A importância do apoio financeiro e técnico, nomeadamente da redução da dívida, para os países em
desenvolvimento de rendimentos baixos e médios muito endividados foi objecto de discussões durante os
preparativos da Conferência Internacional sobre o Financiamento do Desenvolvimento, que terá lugar
em Monterrey, no México, em Março de 2002. Os participantes apelaram a que as instituições multilaterais
como o Fundo Monetário Internacional (FMI) e o Banco Mundial demonstrassem uma maior flexibilidade
e concedessem rapidamente uma redução da dívida aos PMA, aos pequenos Estados insulares e aos países
sem litoral, bem como aos países pobres que foram afectados por catástrofes naturais, por crises graves
relacionadas com as razões de troca ou que estão a sair de um conflito.
As políticas sobre a dívida dos países de rendimentos médios são abordadas neste dossier de imprensa, no
texto sobre a “reforma do sistema”. As preocupações especiais dos países de baixos rendimentos são
apresentadas em seguida.
Iniciativa para os Países Pobres Muito Endividados
Durante o processo de preparação da Conferência Internacional sobre o Financiamento do
Desenvolvimento, os governos insistiram em que era necessário acelerar e implementar na sua totalidade a
Iniciativa para os Países Pobres Muito Endividados (PPME), que constitui o principal programa
internacional para a redução da dívida de um grupo dos países mais pobres e mais endividados do mundo.
Lançada pelo Banco Mundial e o FMI em 1996, veio responder à pressão da opinião pública suscitada por
uma coligação de organizações não governamentais chefiadas pela Jubileu 2000. Muitas ONG continuam a
exigir uma resolução integral da crise da dívida dos PPME e de outros países.
Ao contrário de mecanismos anteriores de redução da dívida, a Iniciativa PPME tomou em consideração a
necessidade de reduções substanciais do total da dívida, incluindo pela primeira vez, a dívida ao FMI, ao
Banco Mundial e a outras instituições multilaterais.
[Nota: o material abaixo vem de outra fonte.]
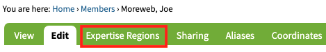 Expertise Regions tab for profile.
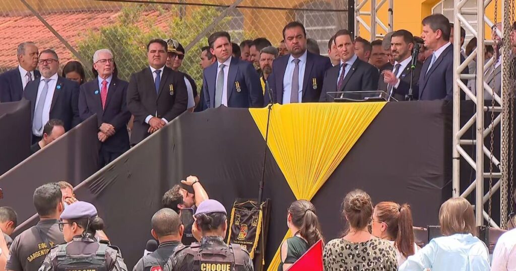 O governador de São Paulo, Tarcísio de Freitas (Republicanos), elogiou nesta segunda-feira (1°) a megaoperação que deixou 122 mortos nos complexos do Alemão e da

De qualquer modo, não foi suficiente. A Iniciativa foi
reforçada em 1999, a fim de assegurar uma redução “maior, mais profunda e mais rápida”, ao mesmo
tempo que relacionava mais directamente a redução da dívida com o apoio a medidas destinadas a reduzir
a pobreza. Dos 42 países que preenchiam as condições para serem abrangidos pela Iniciativa PPME, 24
passaram uma etapa decisiva, denominada “ponto de decisão”. Espera-se que, com o tempo, beneficiem de
uma redução do serviço da dívida da ordem dos 46 mil milhões de dólares.
A Iniciativa PPME assim reforçada permitirá reduzir para metade o total da dívida destes países e em cerca
de um terço o serviço da sua dívida. No entanto, até este avanço está comprometido, porque os preços dos
produtos geralmente exportados por estes países continuam a baixar e o comércio internacional está
afectado pelo abrandamento actual da economia.
Um dos argumentos defendidos durante os preparativos da Conferência Internacional sobre o
Financiamento do Desenvolvimento é que a capacidade de cada país no que se refere a pagar as suas
dívidas deveria ser avaliada em função da sua capacidade de financiar programas que visem permitir
alcançar os Objectivos de Desenvolvimento do Milénio e que o pagamento da dívida não deveria ser
conseguido em detrimento da consecução destes. (Os Objectivos de Desenvolvimento do Milénio, entre os
quais figura o compromisso de reduzir para metade a pobreza extrema no mundo inteiro até 2015, foram
adoptados por 147 Chefes de Estado e de Governo e por 191 nações na Cimeira do Milénio, que teve lugar
na Sede das Nações Unidas, em Setembro de 2000.)
Os representantes dos países em desenvolvimento pediram também insistentemente que a redução
acelerada da dívida dos países pobres muito desenvolvidos não implicasse uma redução da ajuda recebida
nem a subida das taxas de juro pagas pelos outros países em desenvolvimento. Defendem também que, a
fim de não desviar os recursos do financiamento do desenvolvimento, a redução da dívida deve ser
acompanhada de um aumento da ajuda ao desenvolvimento, essencialmente sob a forma de subvenções e
de empréstimos em condições muito vantajosas.